7. HYPOTHESIS TESTING

There are built in functions in R that allow for hypothesis testing. For instance,

t.test(x,mu=5) tests for \(H_0:\mu=5\) against \(H_1:\mu\not=5\) when \(\sigma\) is unknown \(2-\)sided \(t-\)test)
t.test(x,mu=5,alternative="greater") tests for \(H_0:\mu=5\) against \(H_1:\mu>5\) when \(\sigma\) is unknown (\(1-\)sided \(t-\)test)
t.test(x,mu=5,alternative="less") tests for \(H_0:\mu=5\) against \(H_1:\mu<5\) when \(\sigma\) is unknown (\(1-\)sided \(t-\)test)
t.test(x,y,var.equal=TRUE) tests for \(H_0:\mu_1=\mu_2\) against\(H_1:\mu_1\neq \mu_2\) in case of two independent samples, when variances are unknown but equal.
t.test(x,y,var.equal=TRUE,alternative="greater") tests for \(H_0:\mu_1=\mu_2\) against \(H_1:\mu_1>\mu_2\) in case of two independent samples, when variances are unknown but equal.
t.test(x,y,var.equal=TRUE,alternative="less") tests for \(H_0:\mu_1=\mu_2\) against \(H_1:\mu_1<\mu_2\) in case of two independent samples, when variances are unknown but equal.

For all these tests, we reject the null hypothesis \(H_0\) at significance level \(\alpha\) if the \(p-\)value of the test is below \(\alpha\) (which means that the probability of wrongly rejecting \(H_0\) when \(H_0\) is in fact true is below \(\alpha\), usually taken to be \(0.05\) or \(0.01\)).

If the \(p-\)value of the test is greater than the significance level \(\alpha\), then we fail to reject the null hypothesis \(H_0\) at significance level \(\alpha\), WHICH IS NOT THE SAME AS ACCEPTING THE NULL HYPOTHESIS!!

Note that the \(p-\)value for the test will appear in the output, but it can also be computed directly using the appropriate formula.

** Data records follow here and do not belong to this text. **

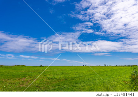 夏の青空と草原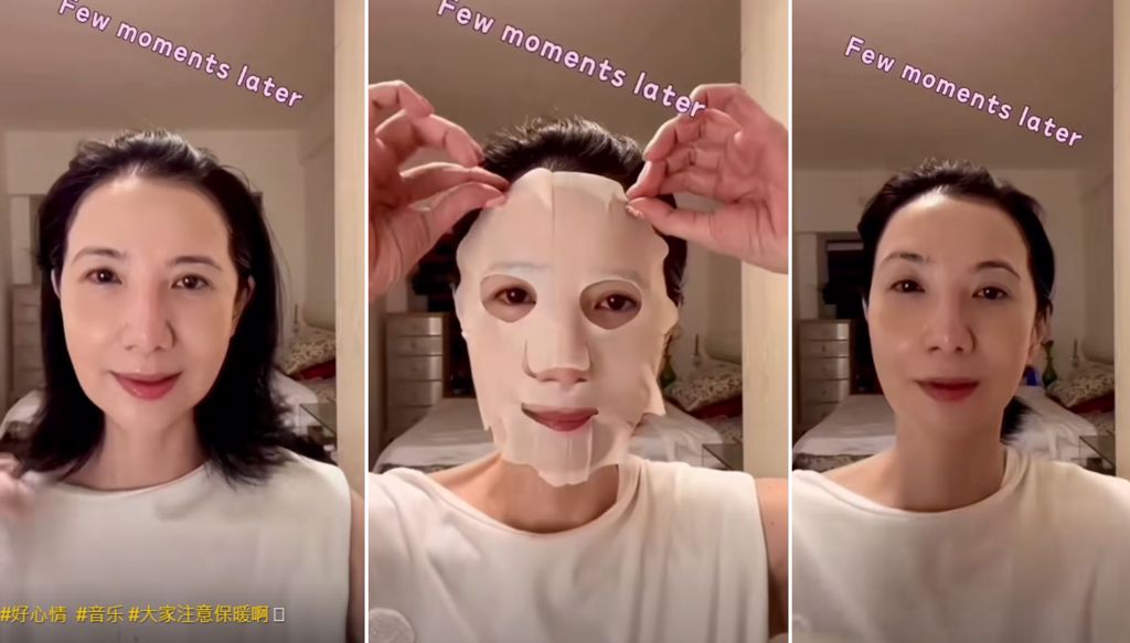 ▲关秀媚近日在抖音上分享自己居家护肤的影片。(图/翻摄自抖音)
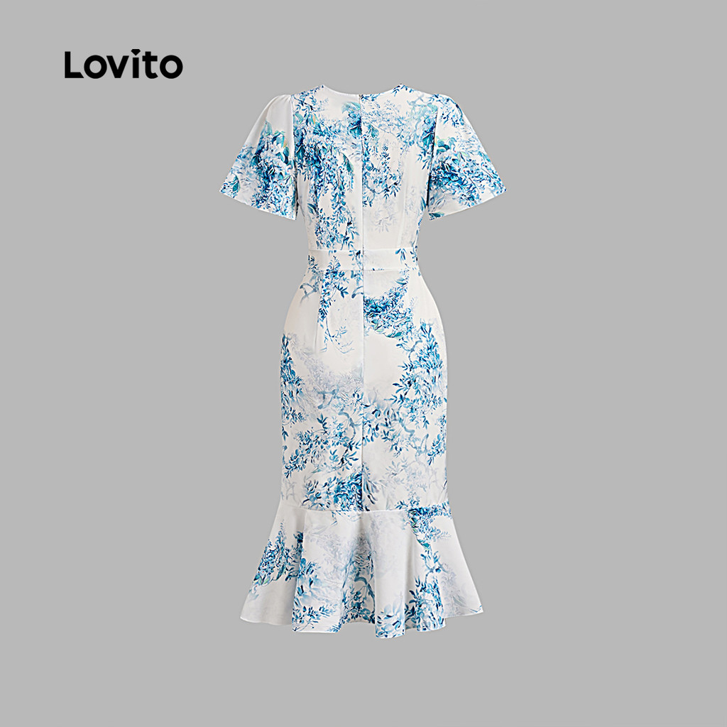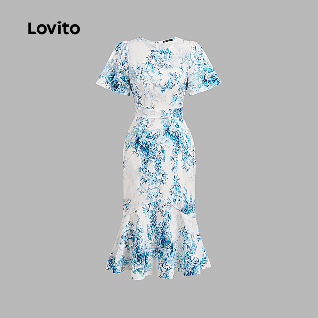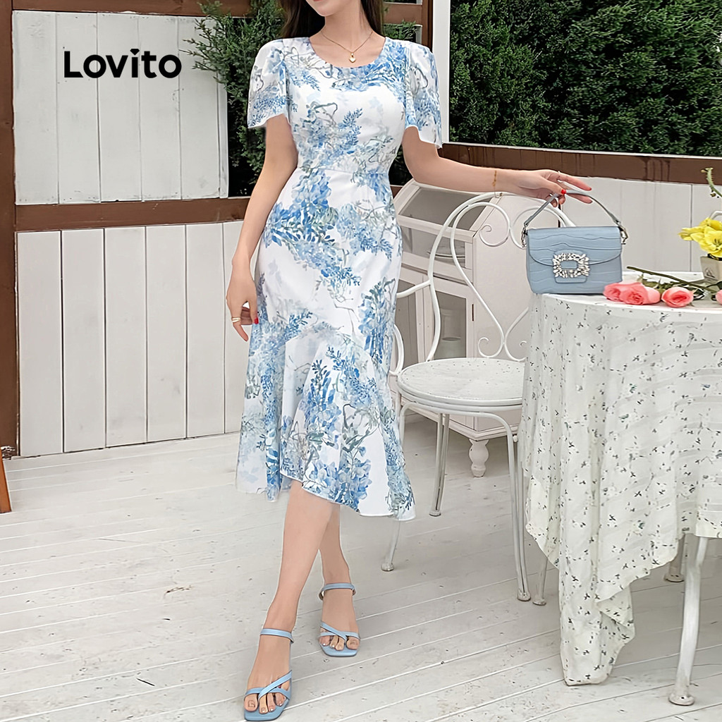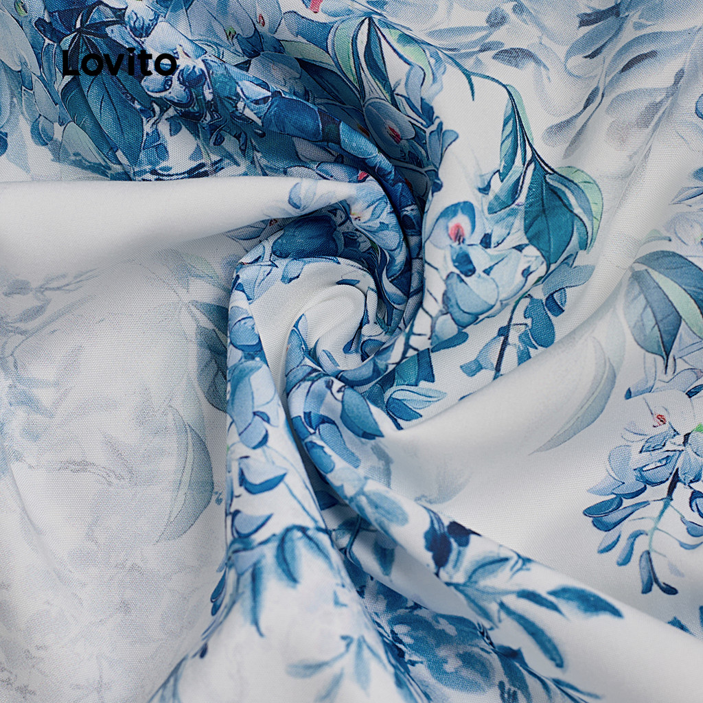 Lovito Vestido Boho Com Babados E Zíper Macio E Confortável Vestido Azul Primavera/verão Para Mulheres L137ED283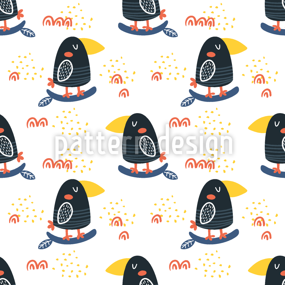 有趣的巨嘴鸟 无缝矢量模式设计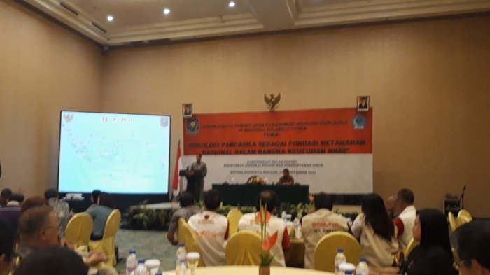 TRIBUNMANADO.CO.ID, MANADO - Kementerian Dalam Negeri (Kemendagri) RI bekerjsama dengan Badan Kesatuan Bangsa dan Politik (Kesbangpol) Sulut menggelar Dialog Publik tentang mempertahankan Pancasila, Selasa (28/11) di Hotel Peninsula Manado.
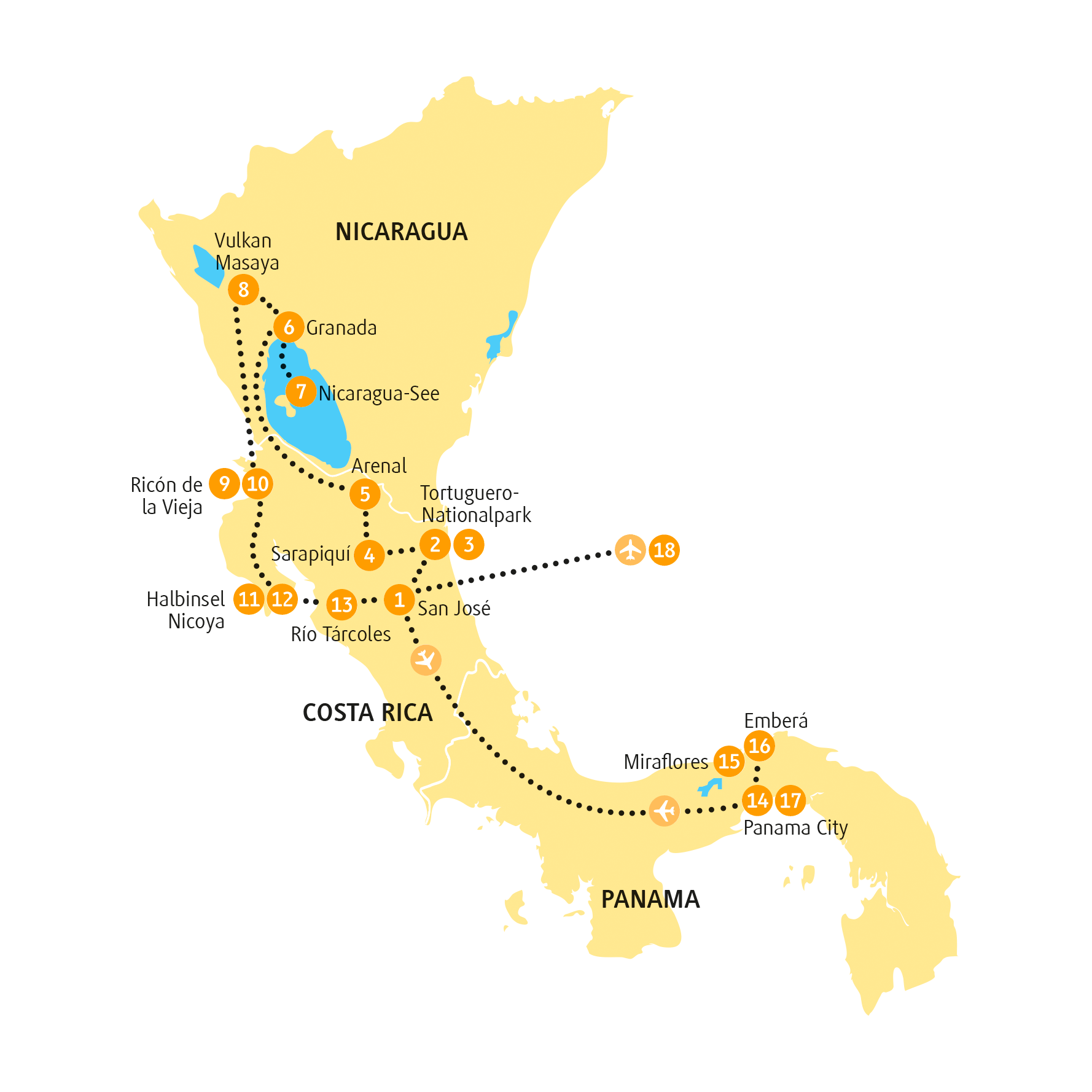Bei Buchung mit Anreise in Eigenregie sind der Linienflug, Rail&Fly und die Flughafentransfers nicht in den Leistungen enthalten. Falls einzelne der genannten Unterkünfte nicht verfügbar sind, wird eine möglichst gleichwertige Alternative gebucht. Bei den angegebenen Fahrzeiten handelt es sich um die reine Fahrtdauer. Pausen und Fotostopps bleiben unberücksichtigt. Während deiner Rundreise passierst du die Grenzen zwischen Costa Rica und Nicaragua auf dem Landweg. Insgesamt fallen dafür ca. 25 USD pro Person an. Wir empfehlen dir die Gebühr an den Grenzen in kleinen Scheinen bereit zu halten. Auf unseren Reisen nutzen wir eine Vielzahl unterschiedlicher Transportmittel und Unterkünfte. Wir können dabei keine durchgehende Barrierefreiheit garantieren, so dass unsere Reisen im Allgemeinen nicht für Menschen mit eingeschränkter Mobilität geeignet sind. Wir beraten dich gern zu deinen Bedürfnissen und deinem gewählten Reiseziel.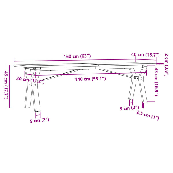 Sohvapöytä y-runko 160x40x45cm mänty ja valurauta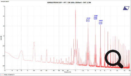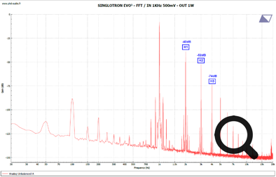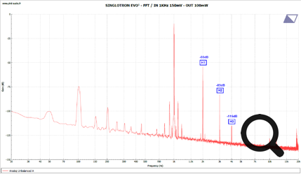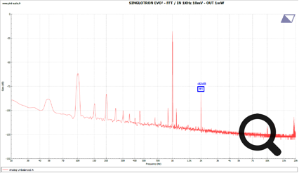 Voici enfin les mesures du SINGLOTRON dans sa version d’évolution N°1. Pour rappel les améliorations portent sur l’alimentation, le découplage de la platine ampli, le remplacement du condensateur d’entrée et d’un convertisseur PWM/tension continue pour la régulation des ventilateurs et pour finir une augmentation du courant de polarisation. Pour les détails veuillez visiter la page SINGLOTRON EVO1.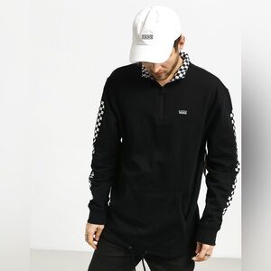 Vans Men's Versa Quarter Zip Pullover Sweatshirt Black White Checker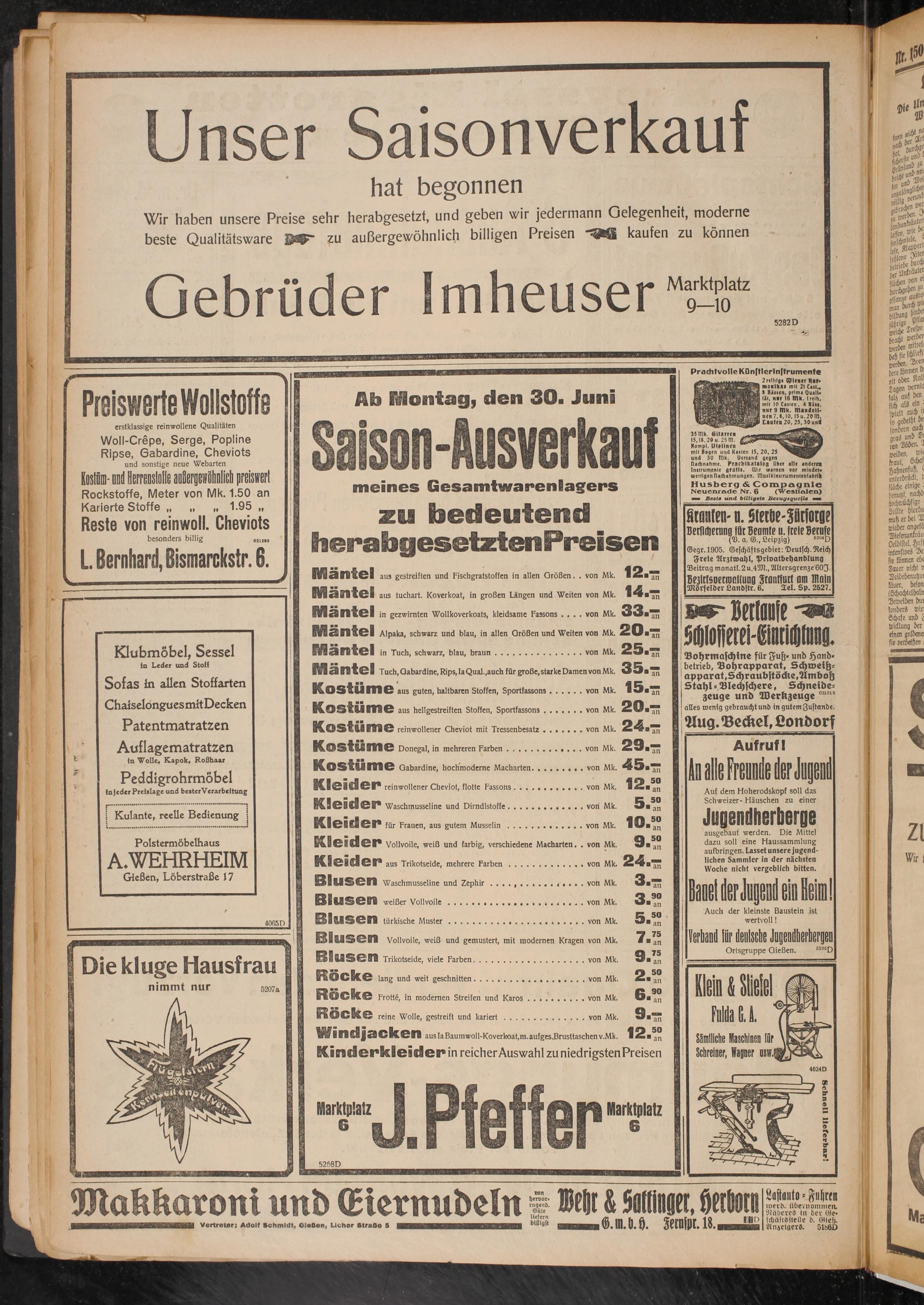 Unser Saisonverkauf hat begonnen Wir haben unsere Preise sehr herabgesetzt, und geben wir jedermann Gelegenheit, moderne beste Qualitätsware AM" zu außergewöhnlich billigen Preisen *98 kaufen zu können

The corresponding \(95\%\) confidence intervals also appear in the output.

7.1 Artificial Examples

Let’s say that we have a small dataset with \(n=7\) observations:

x=c(4,5,4,6,4,4,5)

Let \(\mu_x\) be the true mean of whatever distribution the sample came from. Is it conceivable that \(\mu_x=5\)?

Solution: we can test for \(H_0: \mu_x=5\) against \(H_1:\mu_x\neq 5\) simply by calling

t.test(x,mu=5)

## 
##  One Sample t-test
## 
## data:  x
## t = -1.4412, df = 6, p-value = 0.1996
## alternative hypothesis: true mean is not equal to 5
## 95 percent confidence interval:
##  3.843764 5.299093
## sample estimates:
## mean of x 
##  4.571429

All the important information is in the output: the critical \(t-\)value from Student’s \(T-\)distribution with \(n-1=6\) degrees of freedom \(t^*=-1.4412\), the probability of wrongly rejecting \(H_0\) if it was in fact true (\(p-\)value \(=0.1996\)), and the \(95\%\) confidence interval \((3.843764, 5.299093)\) for \(\mu_x\), whose point estimate is \(\overline{x}=4.571429\).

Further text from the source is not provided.